» Data for the task
══════

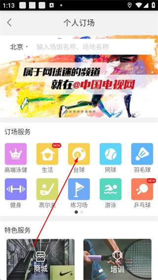 2、在个人订场页面的订场服务板块,选择目标运动类型,进入对应场地列表。
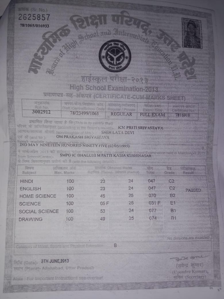 | Exam | Full Marks | Pass Marks | Marks Obtained |
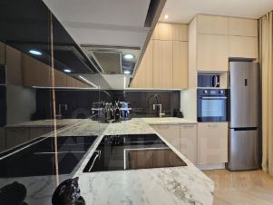 Над квартирой поработал пофессиональный дизайнер! В оформлении интерьена использованы качественные материалы природной цветовой гаммы, керамогранит в санузле, вусококлассный ламинат на полу в комнатах. Планировочное решение выполнено с учетом потребностей семьи из двух человек. Зонирование состоит из отделной спальни, отдельно зонированной кухни и гостиной-телевизионной зоны. Большой санузел. Продуманы места хранения (два встроенных шкафа в один из которых спрятана стиралная машина, гардеробная комната), огромная встроенная кухня со встроенной техникой фирмы Weissgauff, с удобно продуманным освещением. Использована ежиная концепция освецения и самих светильников.
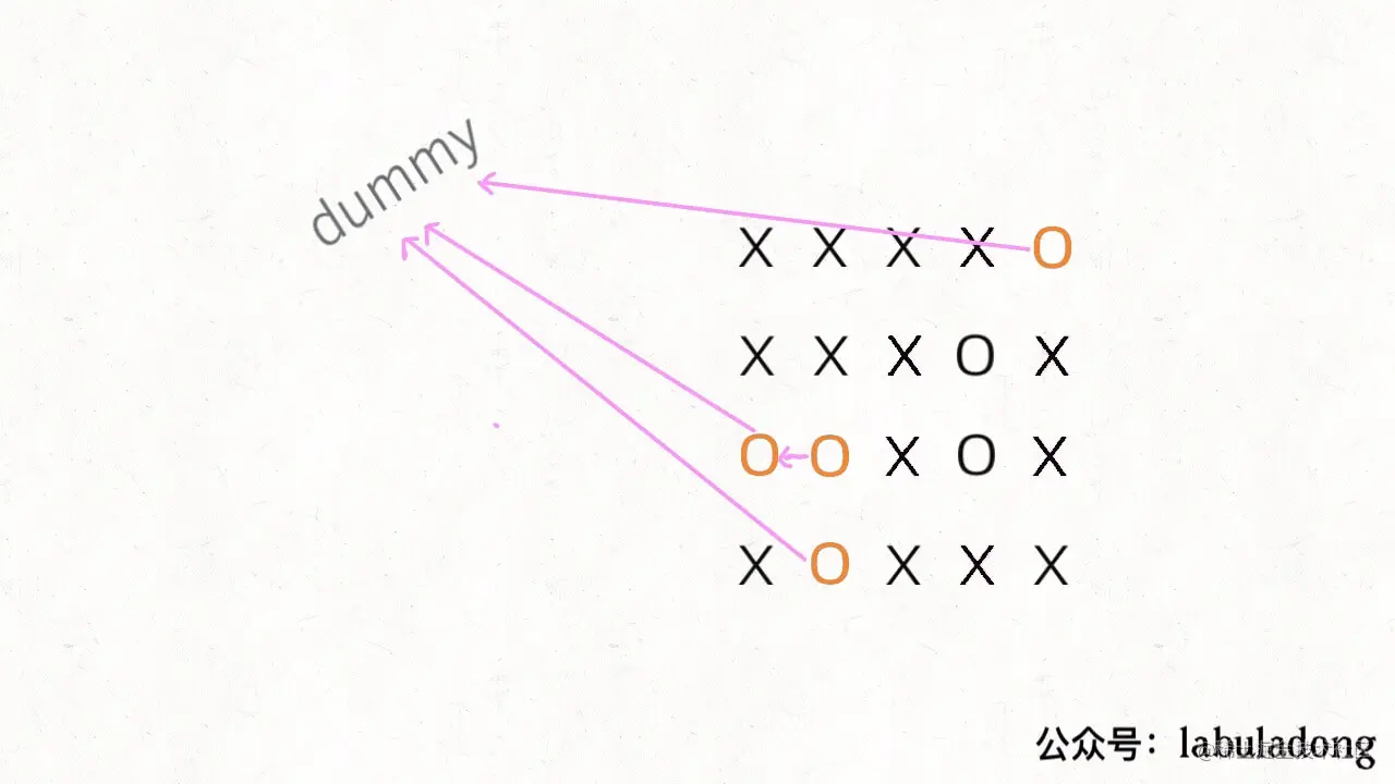 你可以把那些不需要被替换的 O 看成一个拥有独门绝技的门派,它们有一个共同祖师爷叫 dummy,这些 O 和 dummy 互相连通,而那些需要被替换的 O 与 dummy 不连通。
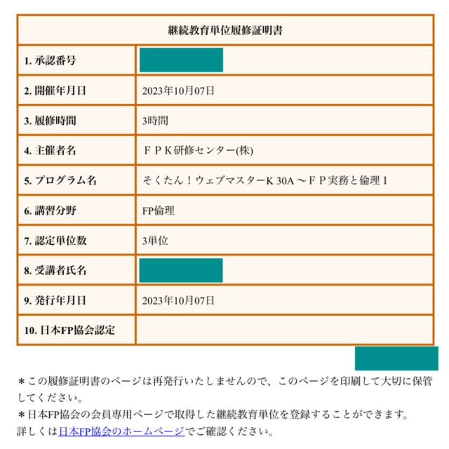 あとは、承認番号をFP協会の単位申請のところに入力するだけでOK!簡単!
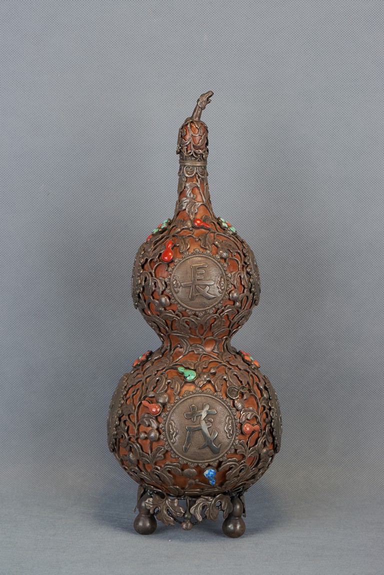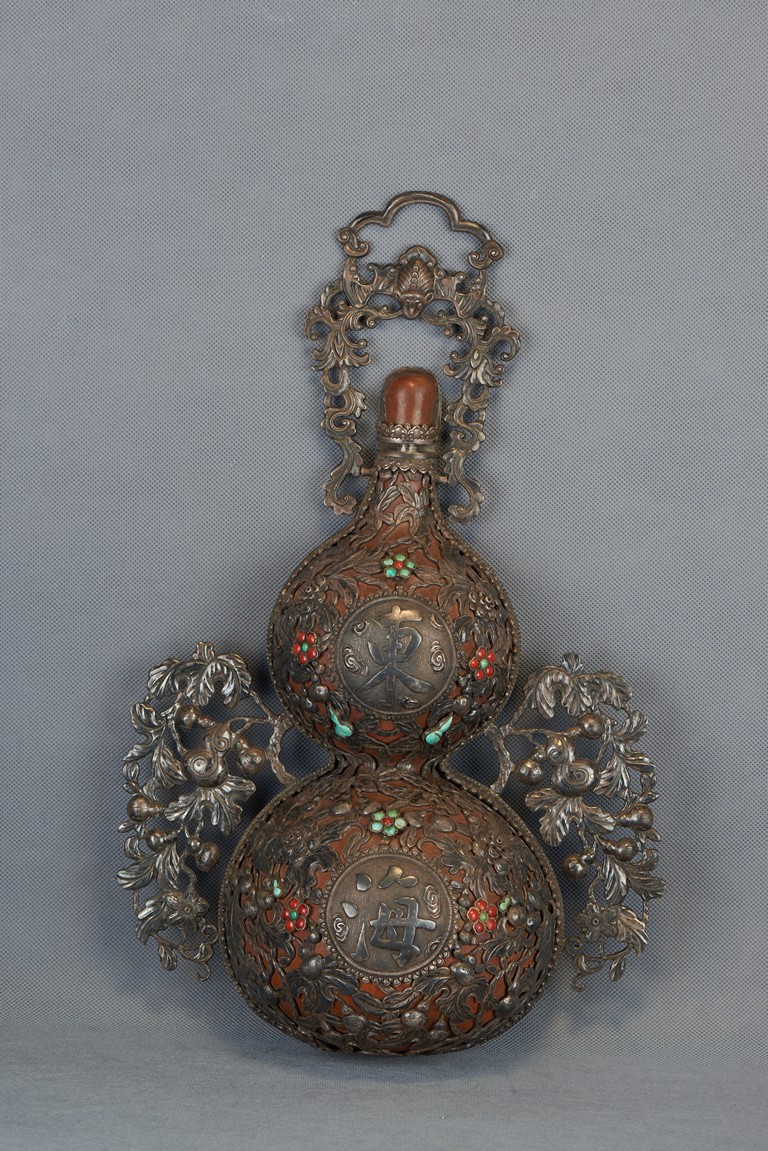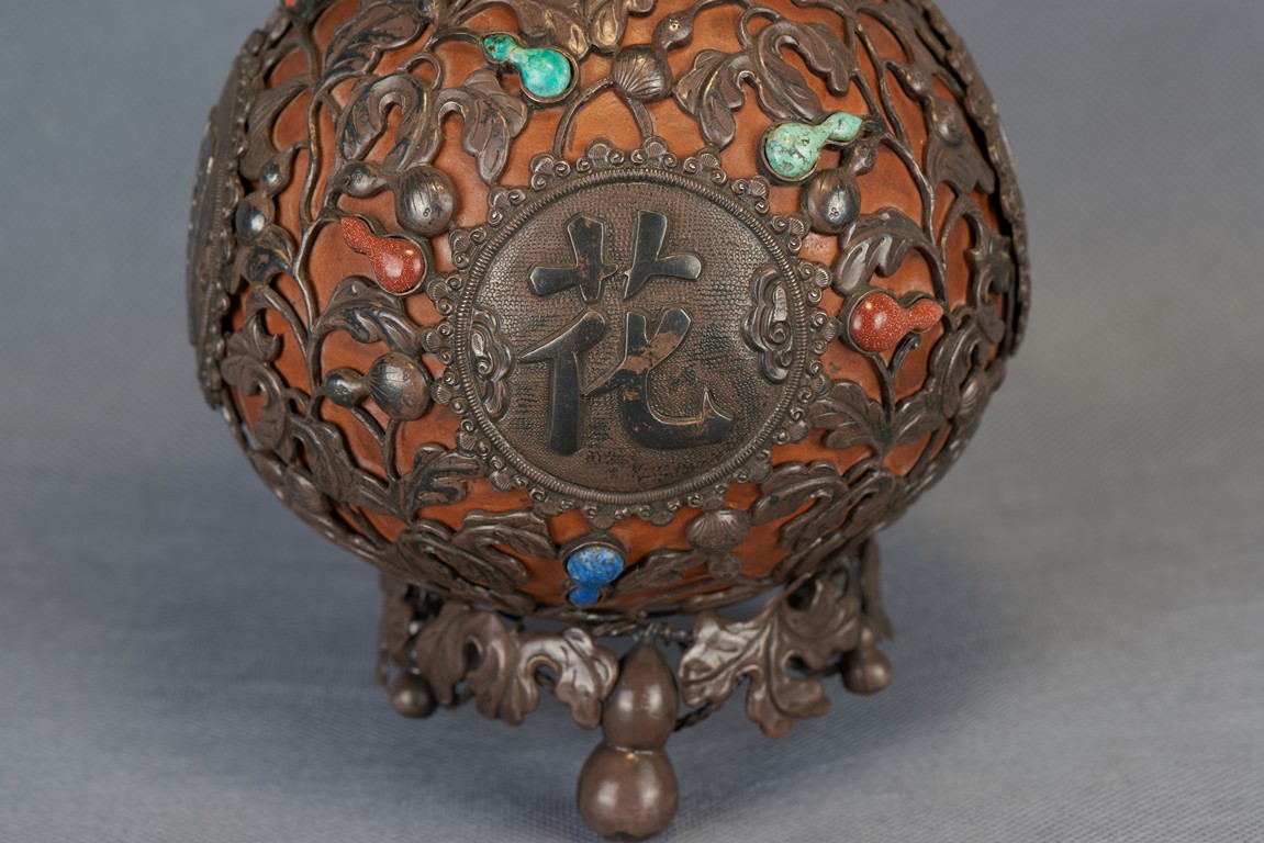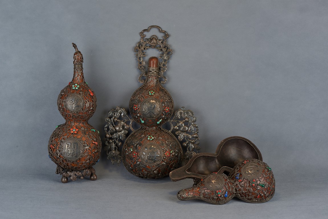 Each of double gourd form, finely inlaid with elaborate silver foliate decoration, with two circular emblems featuring a single character of auspicious meaning in relief, delicately embellished with semi-precious gems including coral, turquoise, and lapis lazuli forming small gourds and flower decoration. Qing Dynasty period.
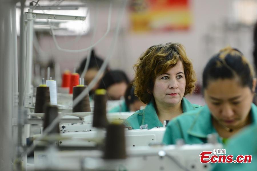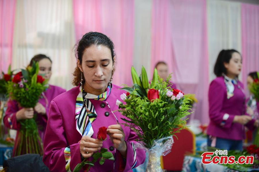 Local residents at a workshop in a community in Saybag District, Urumqi City, Northwest China's Xinjiang Uygur Autonomous Region, June 12, 2019. The residential community established in 2012 is home to many low-income earners who mainly live in affordable housing. To improve employment, authorities have offered training programs on producing handmade flowers and sewing, and invested nearly 3 million yuan to build a 1,200-square-meter factory, enabling local residents to find jobs at their doorstep. (Photo: China News Service/Zhang Xinglong)
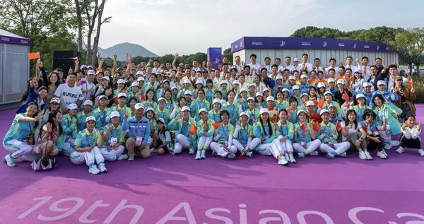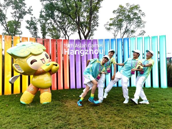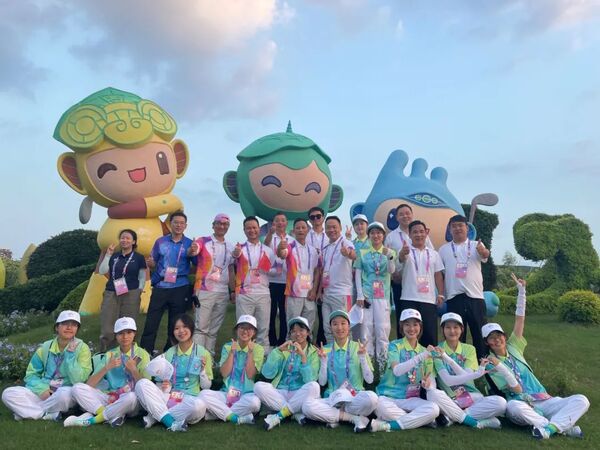亚运会高尔夫球项目颁奖仪式上,国美“小青荷”与获奖运动员合影
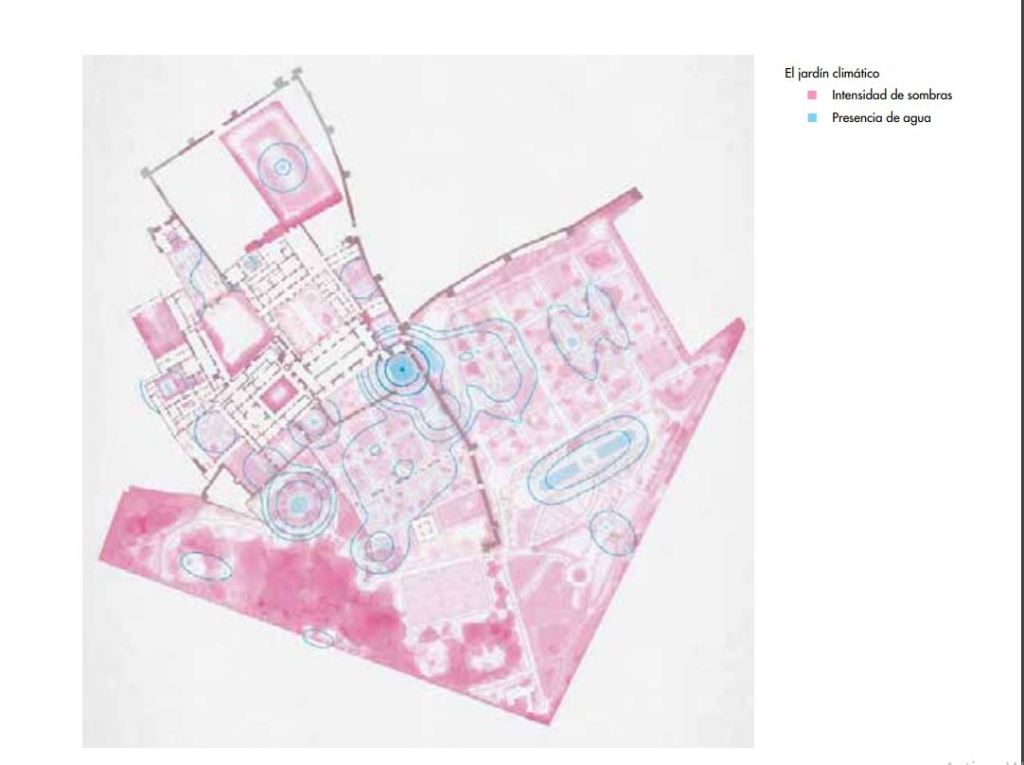 Este mapa se complejizó posteriormente con la localización de las diferentes masas de agua en el Alcázar, recogiendo y celebrando los múltiples usos y dimensiones que el líquido elemento encarna en estos jardines. Nos referimos al agua como canal de riego (acueducto), como superficie refrescante (Sala de la Justicia, Baños de Padilla), como elemento reflectante (Jardín de las Flores), como fuente estética (Sala de la Justicia, Estanque de los Nenúfares o Montaña del Parnaso) o como elemento sonoro (Estanque de Mercurio).
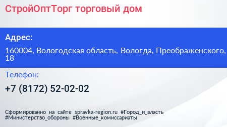 СтройОптТорг, торговый дом по адресу 160004, Вологодская область, Вологда, Преображенского, 18 в дальнейшем Организация, размещена в следующих категориях:
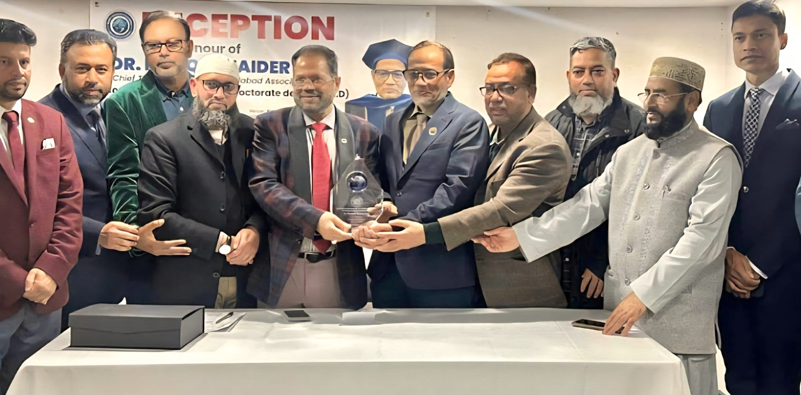 লন্ডন অফিস: গ্লোবাল জালালাবাদ এসোসিয়েশনের কেন্দ্রীয় কমিটির চীফ ট্রেজারার রফিকুল হায়দার পিএইচডি ডিগ্রি অর্জন করায় সংগঠনের পক্ষ থেকে তাঁকে এক বর্ণাঢ্য সংবর্ধনা প্রদান করা হয়।
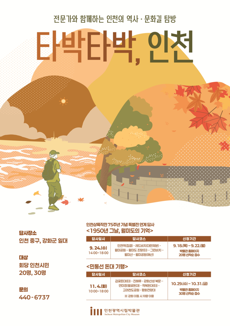 20세 이상 시민이면 누구나 참가할 수 있으며, 답사비는 무료다. 참가 신청은 9월 18일부터 인천시립박물관 누리집을 통해 가능하며, 선착순 20명을 모집한다.
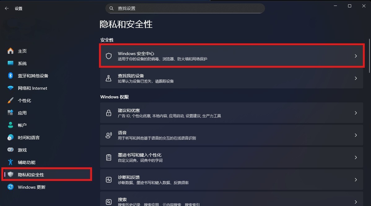 2.进入设置内的隐私与安全性,选择顶部的Windows安全中心,并选择顶部的打开Windows安全中心

══════

» The problem
Once you find the line that contains "Este mapa se", reproduce it and every line after it through the end of the entries above, exactly as written, with no pictures.

» Output of the exercise
 Este mapa se complejizó posteriormente con la localización de las diferentes masas de agua en el Alcázar, recogiendo y celebrando los múltiples usos y dimensiones que el líquido elemento encarna en estos jardines. Nos referimos al agua como canal de riego (acueducto), como superficie refrescante (Sala de la Justicia, Baños de Padilla), como elemento reflectante (Jardín de las Flores), como fuente estética (Sala de la Justicia, Estanque de los Nenúfares o Montaña del Parnaso) o como elemento sonoro (Estanque de Mercurio).
 СтройОптТорг, торговый дом по адресу 160004, Вологодская область, Вологда, Преображенского, 18 в дальнейшем Организация, размещена в следующих категориях:
 লন্ডন অফিস: গ্লোবাল জালালাবাদ এসোসিয়েশনের কেন্দ্রীয় কমিটির চীফ ট্রেজারার রফিকুল হায়দার পিএইচডি ডিগ্রি অর্জন করায় সংগঠনের পক্ষ থেকে তাঁকে এক বর্ণাঢ্য সংবর্ধনা প্রদান করা হয়।
 20세 이상 시민이면 누구나 참가할 수 있으며, 답사비는 무료다. 참가 신청은 9월 18일부터 인천시립박물관 누리집을 통해 가능하며, 선착순 20명을 모집한다.
 2.进入设置内的隐私与安全性,选择顶部的Windows安全中心,并选择顶部的打开Windows安全中心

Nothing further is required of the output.